Given data
--------------------
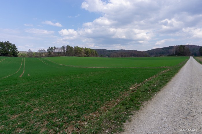 Von hier aus leitet die Markierung „Blaustrich“ abwärts bis zum Abzweig Richtung Simmelsdorf. Weiter geht es auf gut ausgebauten Flurwegen über den Görbitzer Steig durch Feld und Wald bis zur Ortsverbindungsstraße Wölfersdorf-Kemmathen. Der „Rotpunkt“ führt nach Wölfersdorf hinein. Hier gibt es im Sommer einen gut besuchten, familienfreundlichen Biergarten.
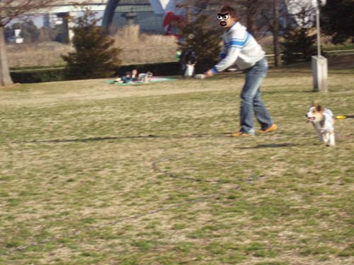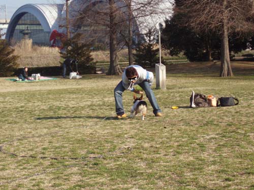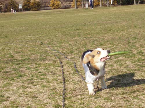 とりあえず、大きな公園で、ロングリードを使ってのフリスビーから
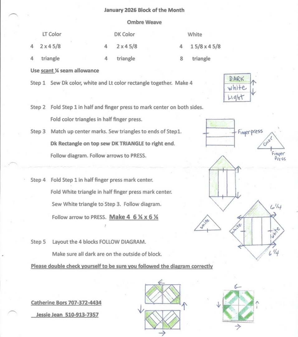 Instructions for making each month's block will be printed in the Guild's monthly newsletter. These blocks are posted for your use after they have been made for the Guild's Community Service.
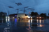 На перехресті Покровської та Грушевського посеред дороги стоїть автомобіль і не може виїхати. Зупинився і тролейбус на Покровській. Вся проїжджа частина у воді, рух транспорту ускладнений.
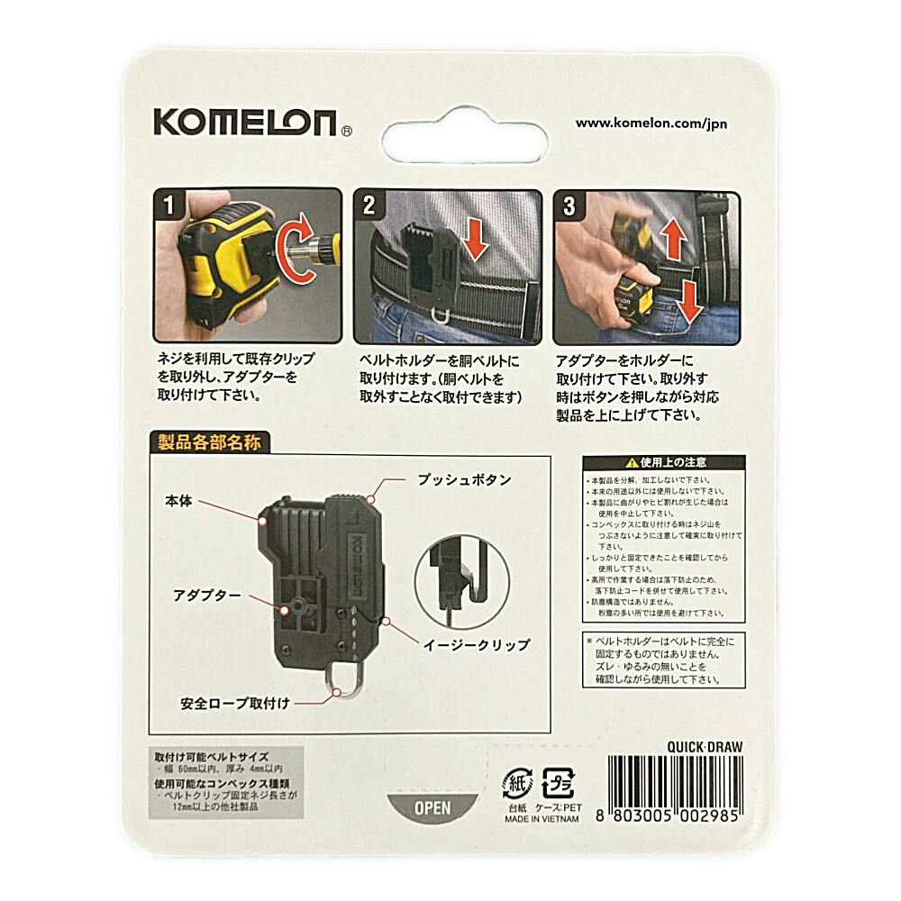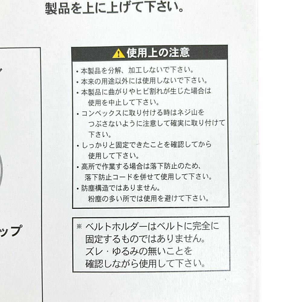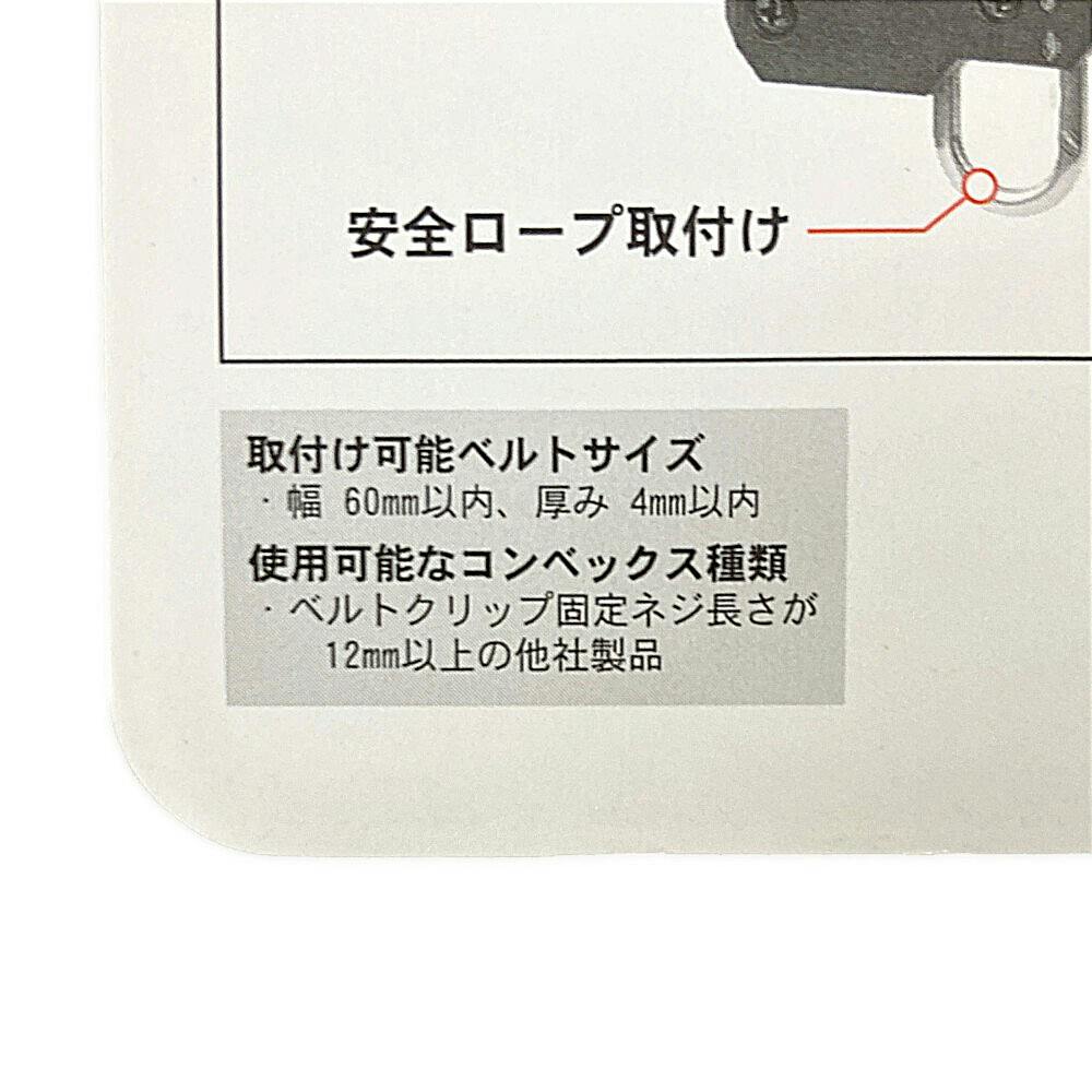 ●着脱はスライド式解除ボタンを採用し、柔らかくスムーズな着脱が可能です。●ベルトへの装着は上から差し込むタイプのため、ベルトの途中部分から装着可能です。●コンベックス側に取り付ける専用アダプターが2個入りです(スペア用)。
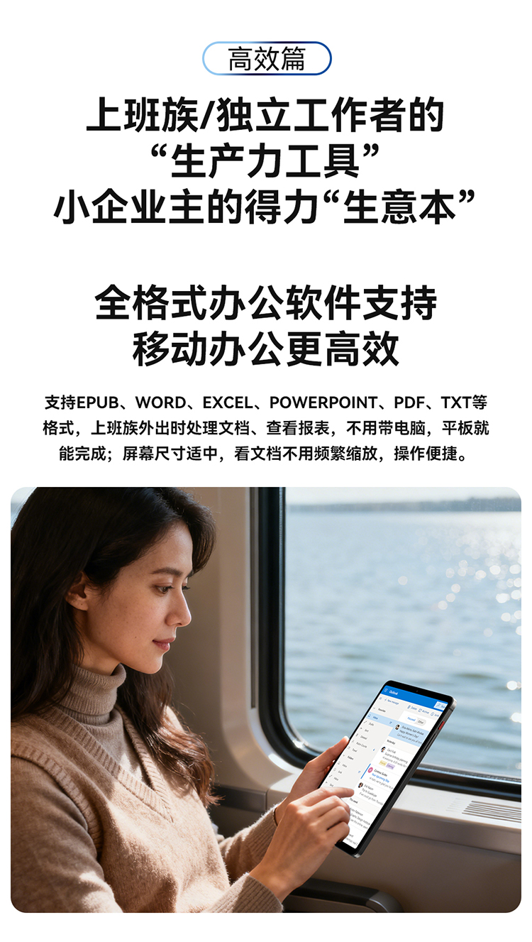 对于职场人士,BPad T1同样出色,它支持EPUB、WORD、EXCEL、PDF等全格式办公文档,配合Type-C接口可外接键鼠,轻松变身“迷你电脑”,随时随地处理工作。
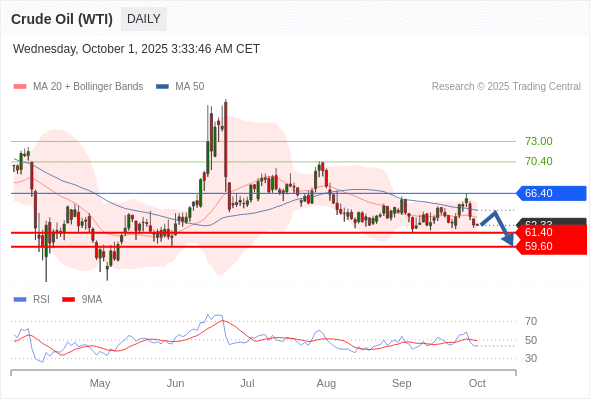 在 66.40 之下,看跌,目标价位为 61.40 ,然后为 59.60 。
--------------------
Brief
Copy, without the pictures, exactly the lines from the line with "На перехресті Покровської" through the end of the material above, both ends included.

Result
 На перехресті Покровської та Грушевського посеред дороги стоїть автомобіль і не може виїхати. Зупинився і тролейбус на Покровській. Вся проїжджа частина у воді, рух транспорту ускладнений.
 ●着脱はスライド式解除ボタンを採用し、柔らかくスムーズな着脱が可能です。●ベルトへの装着は上から差し込むタイプのため、ベルトの途中部分から装着可能です。●コンベックス側に取り付ける専用アダプターが2個入りです(スペア用)。
 对于职场人士,BPad T1同样出色,它支持EPUB、WORD、EXCEL、PDF等全格式办公文档,配合Type-C接口可外接键鼠,轻松变身“迷你电脑”,随时随地处理工作。
 在 66.40 之下,看跌,目标价位为 61.40 ,然后为 59.60 。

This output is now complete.